Dataset

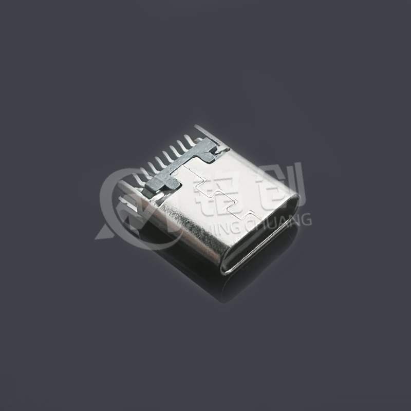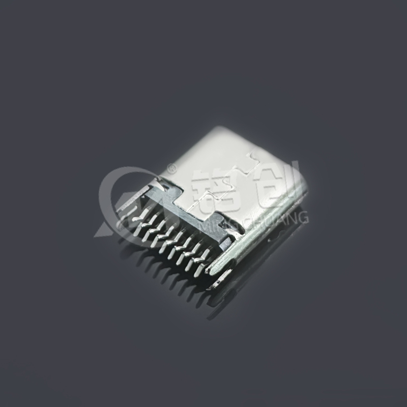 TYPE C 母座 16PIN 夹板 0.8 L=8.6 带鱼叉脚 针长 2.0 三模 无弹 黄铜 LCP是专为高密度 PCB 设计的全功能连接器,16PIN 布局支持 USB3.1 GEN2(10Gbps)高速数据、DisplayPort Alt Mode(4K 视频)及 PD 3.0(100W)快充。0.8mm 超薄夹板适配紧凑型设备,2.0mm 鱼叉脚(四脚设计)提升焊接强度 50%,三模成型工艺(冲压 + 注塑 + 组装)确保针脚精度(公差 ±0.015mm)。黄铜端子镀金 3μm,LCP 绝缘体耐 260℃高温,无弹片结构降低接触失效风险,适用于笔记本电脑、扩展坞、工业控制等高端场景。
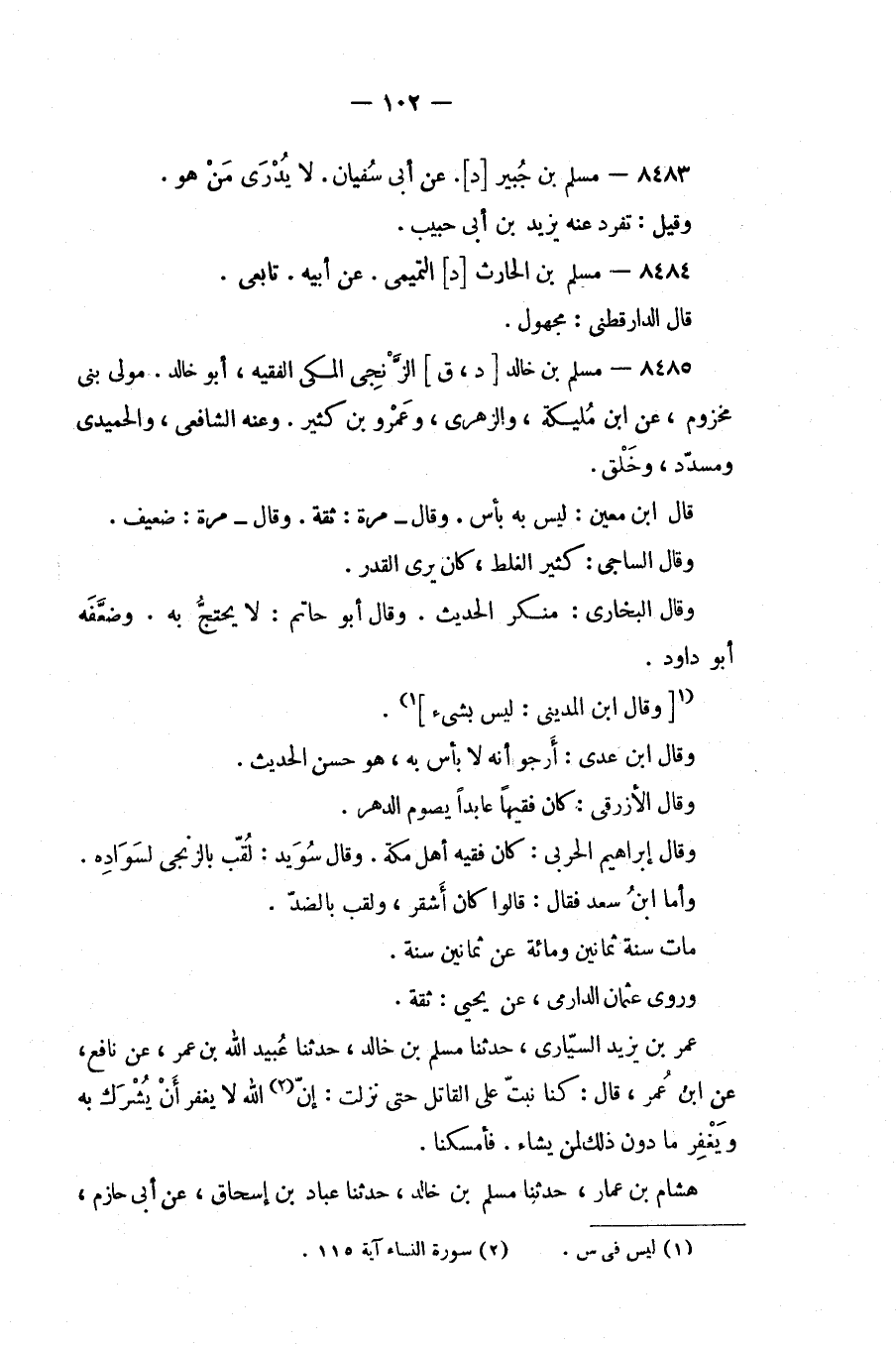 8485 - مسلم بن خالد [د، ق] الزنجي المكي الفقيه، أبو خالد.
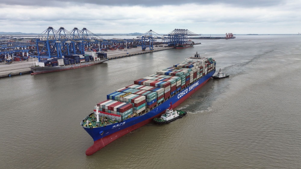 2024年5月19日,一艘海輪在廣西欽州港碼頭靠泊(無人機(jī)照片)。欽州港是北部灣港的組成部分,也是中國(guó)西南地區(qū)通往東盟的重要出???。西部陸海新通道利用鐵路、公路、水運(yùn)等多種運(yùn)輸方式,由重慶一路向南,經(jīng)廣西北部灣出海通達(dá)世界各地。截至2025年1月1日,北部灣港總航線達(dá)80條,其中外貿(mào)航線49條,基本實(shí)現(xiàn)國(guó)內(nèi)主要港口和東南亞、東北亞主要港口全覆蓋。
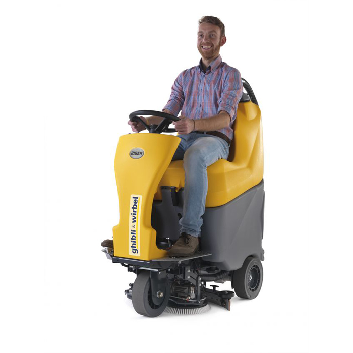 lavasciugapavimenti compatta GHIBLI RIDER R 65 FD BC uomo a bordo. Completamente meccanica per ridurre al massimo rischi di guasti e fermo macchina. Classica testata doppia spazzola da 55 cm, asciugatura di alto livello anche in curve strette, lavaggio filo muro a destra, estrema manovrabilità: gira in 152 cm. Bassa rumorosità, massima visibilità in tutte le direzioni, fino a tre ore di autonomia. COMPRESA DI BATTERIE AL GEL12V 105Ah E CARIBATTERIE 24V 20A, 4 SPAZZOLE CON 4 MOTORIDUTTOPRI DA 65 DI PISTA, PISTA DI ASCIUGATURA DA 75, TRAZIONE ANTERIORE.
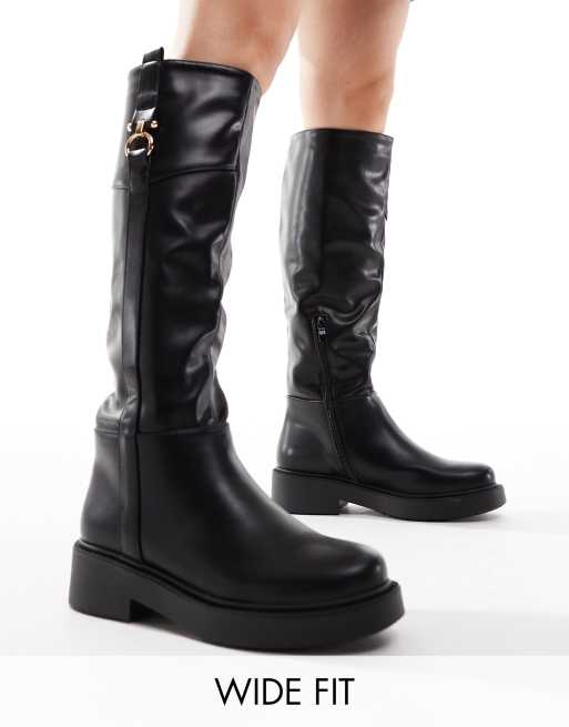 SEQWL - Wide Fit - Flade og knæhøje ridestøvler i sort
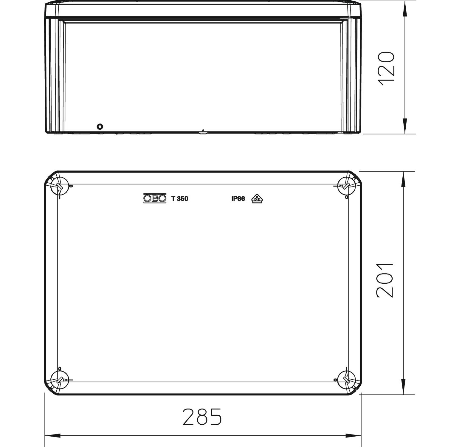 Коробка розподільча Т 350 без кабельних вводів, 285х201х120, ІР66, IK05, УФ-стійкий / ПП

What is needed
Return, exactly as they stand, the lines from the opening line of the listing through the line with "8485 - مسلم", both ends counted, and no pictures.

Result for this exercise
 TYPE C 母座 16PIN 夹板 0.8 L=8.6 带鱼叉脚 针长 2.0 三模 无弹 黄铜 LCP是专为高密度 PCB 设计的全功能连接器,16PIN 布局支持 USB3.1 GEN2(10Gbps)高速数据、DisplayPort Alt Mode(4K 视频)及 PD 3.0(100W)快充。0.8mm 超薄夹板适配紧凑型设备,2.0mm 鱼叉脚(四脚设计)提升焊接强度 50%,三模成型工艺(冲压 + 注塑 + 组装)确保针脚精度(公差 ±0.015mm)。黄铜端子镀金 3μm,LCP 绝缘体耐 260℃高温,无弹片结构降低接触失效风险,适用于笔记本电脑、扩展坞、工业控制等高端场景。
 8485 - مسلم بن خالد [د، ق] الزنجي المكي الفقيه، أبو خالد.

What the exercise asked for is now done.